Back from the coasts, particularly in the eastern part of the Island, the land is high and well drained, with mountains in some portions rising from five thousand to eight thousand feet above the level of the sea. While the heat and humidity incidental to the latitude prevail all over the Island, they are much less in the uplands than along the coast, and the climate for half the year is very agreeable and the air has a brilliant clearness that has become famous. Over all these lands there should be in the future a population which should develop into a contradiction of the tradition that the people of the tropics live because they are too lazy to die.

CHAPTER IX
CITIES AND TOWNS OF CUBA

THE political divisions of Cuba, known as provinces, are six in number, and are named as follows, beginning at the west: Pinar del Rio, Havana, Matanzas, Santa Clara, Puerto Principe, and Santiago de Cuba; the capital city of each bearing the same name as its province.

Of the provinces it may be said that Pinar del Rio, with an area of 8486 square miles, has a population of 225,891 (167,160 white and 58,731 black), and is the centre of the tobacco industry, the famous Vuelta Abajo district lying within its limits; sugar, coffee, rice, corn, cotton, and fruits are also raised. Havana, with an area of 8610 square miles, has a population of 451,928 (344,417 white and 107,511 black). It is the centre of manufacture, the capital province, and the most populous province of the Island. Matanzas, with an area of 14,967 square miles, has a population of 259,578 (143,169 white and 115,409 black), and is the centre of the sugar industry; corn, rice, honey, wax, and fruits are produced and the province contains a deposit of peat and copper. Santa Clara, with an area of 23,083 square miles, has a population of 354,122 (244,345 white and 109,777 black), and it is rich in sugar, fruits, and minerals, including gold deposits in the Arino River.

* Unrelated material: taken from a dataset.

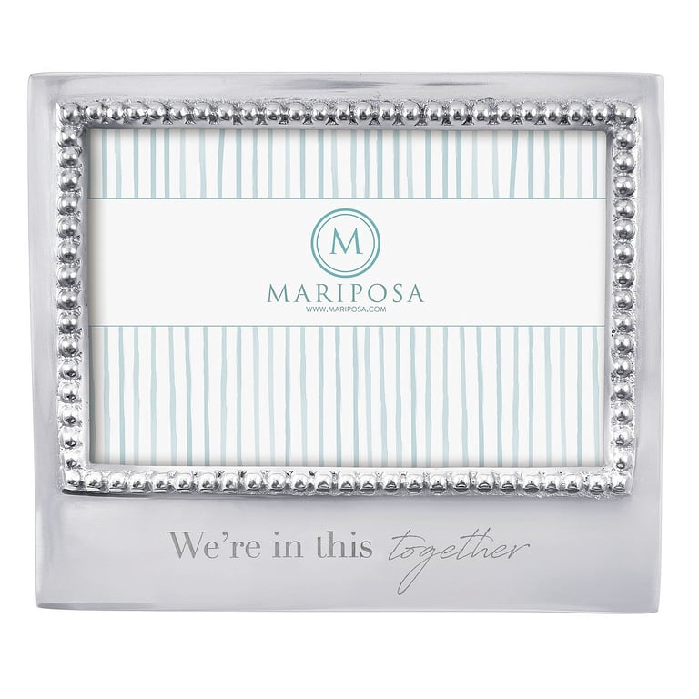 Main view Personalize Gifts for every occasion Product Details Mariposa® WE'RE IN THIS TOGETHER 6x4 STATEMENT frame by Mariposa® — The STATEMENT frame for a 6"x4" photo, engraved with the sentiment We're in this together Recycled aluminum. Glare resistant glass lens. Luxe easel back. SendAFrame stocks the entire Mariposa® picture frame collection. Mariposa® Design Collection Note: Item is hand engraved. Actual may differ slightly from photo. WE'RE IN THIS TOGETHER 6x4 STATEMENT frame by Mariposa® Mariposa® FALL CELEBRATION Savings - Buy More / Save More * Add this item to your cart for the full details of this promotion. Conditions may apply. Model #808813178226 $56.00 only 5 left, order soon. In stock Ships next business day [?] Your Price Match is Active Your request for a price of $0.00 for a minimum quantity of has been accepted. You have [time] left to purchase this item for $0.00 instead of $56.00 each. Find a Lower Price? We BEAT All Authorized Retailers [?] Approx. Overall Dimensions:6 3/4"x5 3/4"x1" This item ships in its own box SHARE THIS ITEM Share on Facebook

Puerto Principe, with an area of 32,341 square miles, has a population of 67,789 (54,232 white and 13,557 black), and is a mountainous region, with the largest caves and the highest mountains; building and cabinet woods and guava jelly are its chief products. Santiago de Cuba, with an area of 35,119 square miles, the largest of the provinces, has a population of 272,379 (57,980 white and 114,399 black), and not only possesses all the agricultural products found in the other provinces, but also has deposits of gold, iron, copper, zinc, asphalt, manganese, mercury, marble and alabaster, rock crystal, and gems, and its commerce is most extensive.